# gentle discipline for sensory seeking kids



## That Is Nice (Jul 27, 2007)

I have a high sensory seeking child (sensory processing disorder? I don't know, but this kid has a need to run, bounce, crash, run...and no sense of fear for the most part...and is high intensity most of the time.)

So, I struggle with using gentle discipline.

My child has speech and motor delays, too. So, with the sensory issues and the speech delay, I find it very difficult to 1) get my child to hold still long enough to 2) understand the explanation I am giving, or the redirection. I start using the gentle discipline techniques...and no sooner than I've started talking but my child is running off again, doing something else.

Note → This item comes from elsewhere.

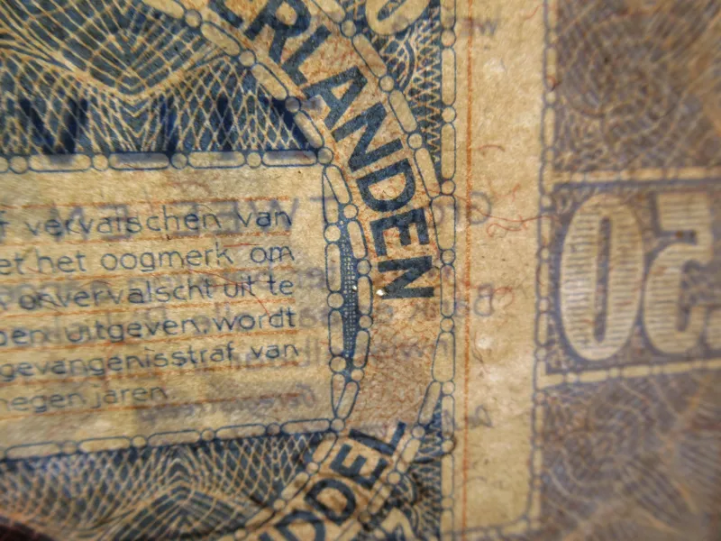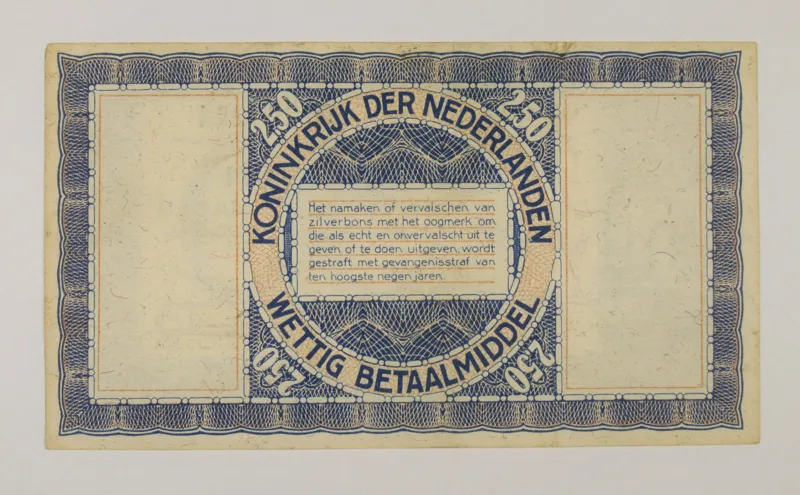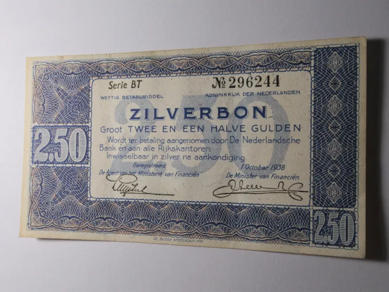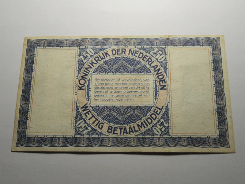 * این اسکناس معروف است به بُن نقره یعنی ضمن اعتبار بعنوان وجه رایج، قابل تبدیل به نقره بود، بنا بر تعهد بانک مرکزی هلند، مندرج روی آن.

Has anyone used gentle discipline in a successful and effective way with children with sensory issues...I know that many parents of special needs children have said (and I agree) that GD is even more essential but...

...this is tough! There is so much activity all day long and risky behaviors that I feel that I'm often physically stopping my child, sometimes very forcefully to prevent them from getting hurt flying through the air, running too fast, bouncing off the walls, jumping from furniture, crashing into things all apparently on purpose to meet an internal need.

So, reminding in a gentle voice for the nth time isn't working, and modeling behavior isn't really working well, either. And I look around and see other kids who sit or stay in one place longer. And who listen when you talk. And my child doesn't do these things.

Any ideas?


----------



## mamazee (Jan 5, 2003)

My daughter is sensory seeking. I've done two things. First, I supply lots of high sensory things for her - gooey stuff to play with, balls to bounce on, fabrics of different textures, etc. As much as I can find.

Second, I finally came to the conclusion that if the worst possible outcome is that she might at some point break an arm or something, I can live with that. Kids sometimes break arms and IMO it's better for them to run their energy out than live so safely that they'll never break anything. She hasn't broken anything yet and she's been jumping off furniture, crashing into things on purpose, and bouncing off the walls for years. Yes, it's a little scary for me, but she seems to have a better sense of what she can handle than I thought.

My daughter has some gross motor issues, but her speech was very early. Learning to speak early didn't make her able to sit still and listen to me, I'm afraid.


----------



## BellinghamCrunchie (Sep 7, 2005)

Quote:


Originally Posted by *mamazee* 
My daughter is sensory seeking. I've done two things. First, I supply lots of high sensory things for her - gooey stuff to play with, balls to bounce on, fabrics of different textures, etc. As much as I can find.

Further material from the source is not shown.